Recorded data -
+--

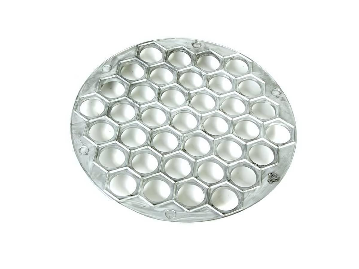 Создавайте аккуратные домашние пельмени и вареники профессионального вида благодаря удобной металлической форме. Круглая решетка с 24 ячейками обеспечит одинаковый размер каждого изделия, экономя ваше время на лепку.
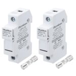 uxcellのソーラーヒューズホルダーは、DC 1000V 25A対応。2本のヒューズコア付きで、シングルポール設計。DINレールにマウント可能で、家庭用回路や太陽光発電所向けです。
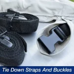 3.Sistema integrado de hebilla y correa, fácil de instalar y remolque.Diseñado para almacenamiento, amarre y viajes por carretera a largo plazo.
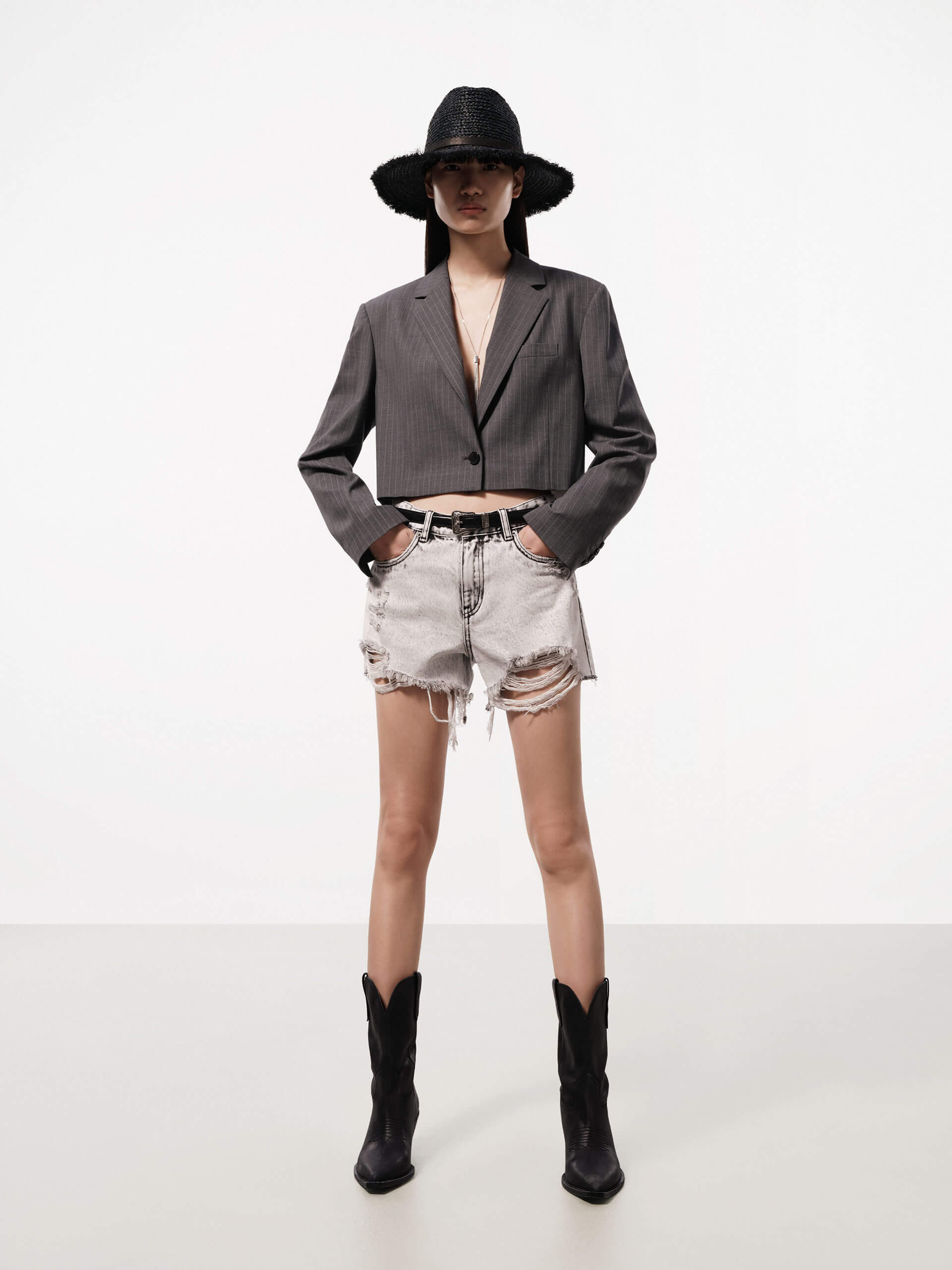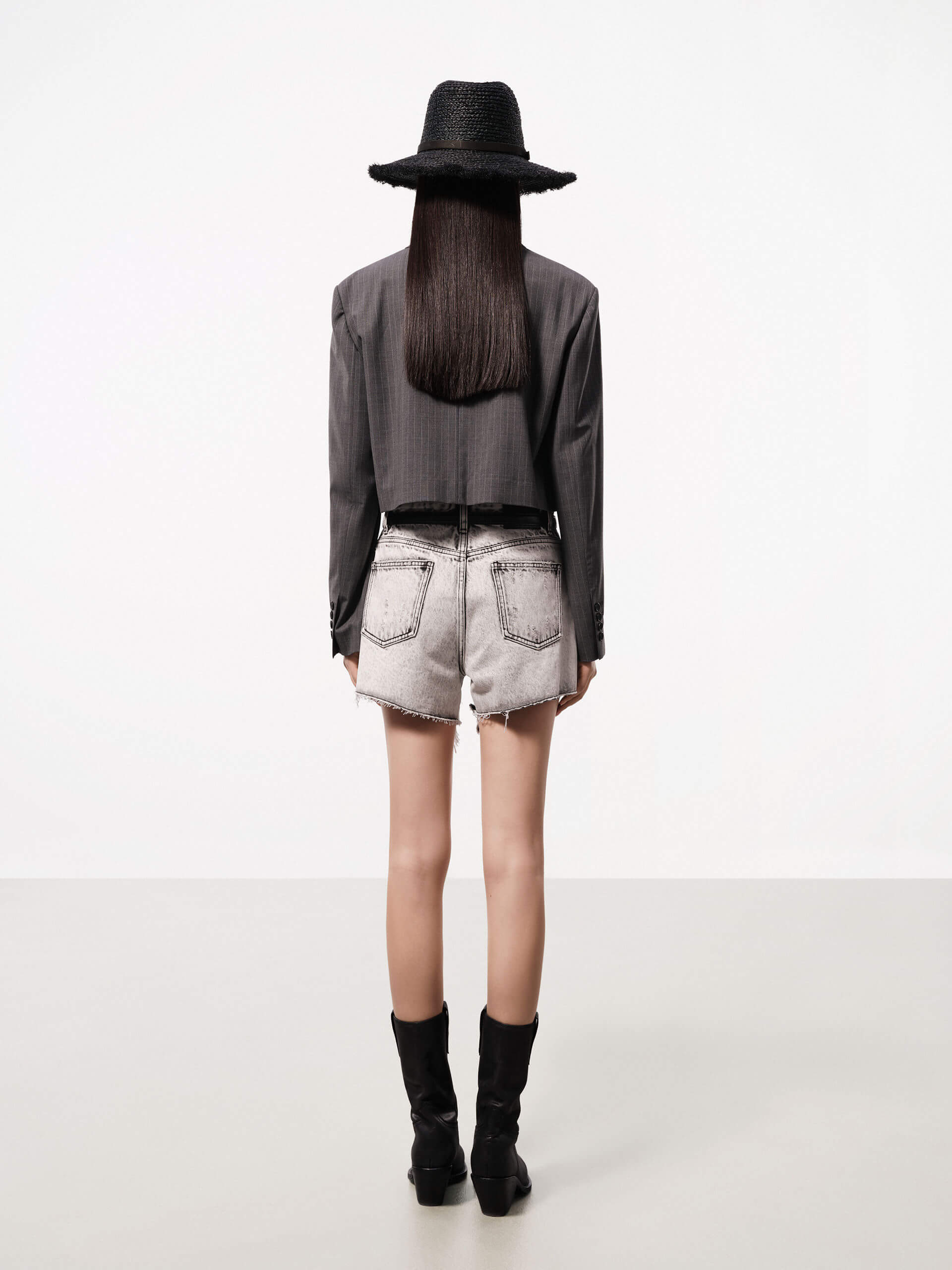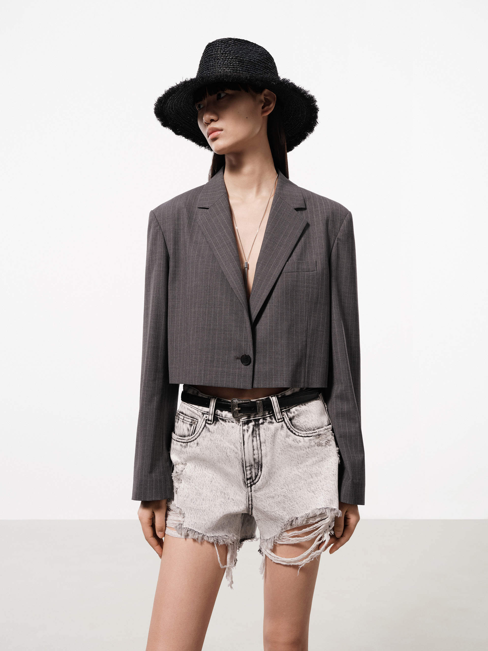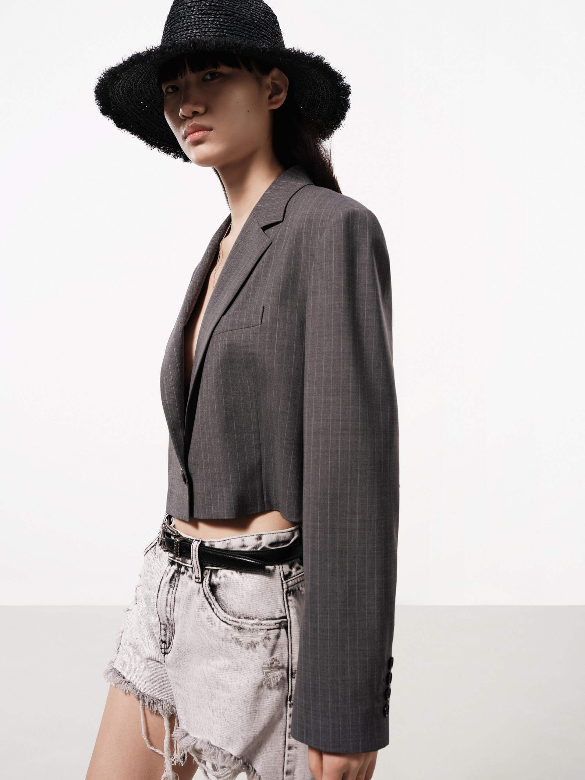 This season, our design team has refined our tailoring with a heightened focus on fabric and directional silhouettes. Crafted from a wool blend, this blazer features a shorter cut and defined padded shoulders, providing both comfort and style.

+--

Task item - At the line containing "3.Sistema integrado de", start reproducing exactly, and stop after the last line of the listing; include both ends, and leave the pictures out.

Solved problem -
 3.Sistema integrado de hebilla y correa, fácil de instalar y remolque.Diseñado para almacenamiento, amarre y viajes por carretera a largo plazo.
 This season, our design team has refined our tailoring with a heightened focus on fabric and directional silhouettes. Crafted from a wool blend, this blazer features a shorter cut and defined padded shoulders, providing both comfort and style.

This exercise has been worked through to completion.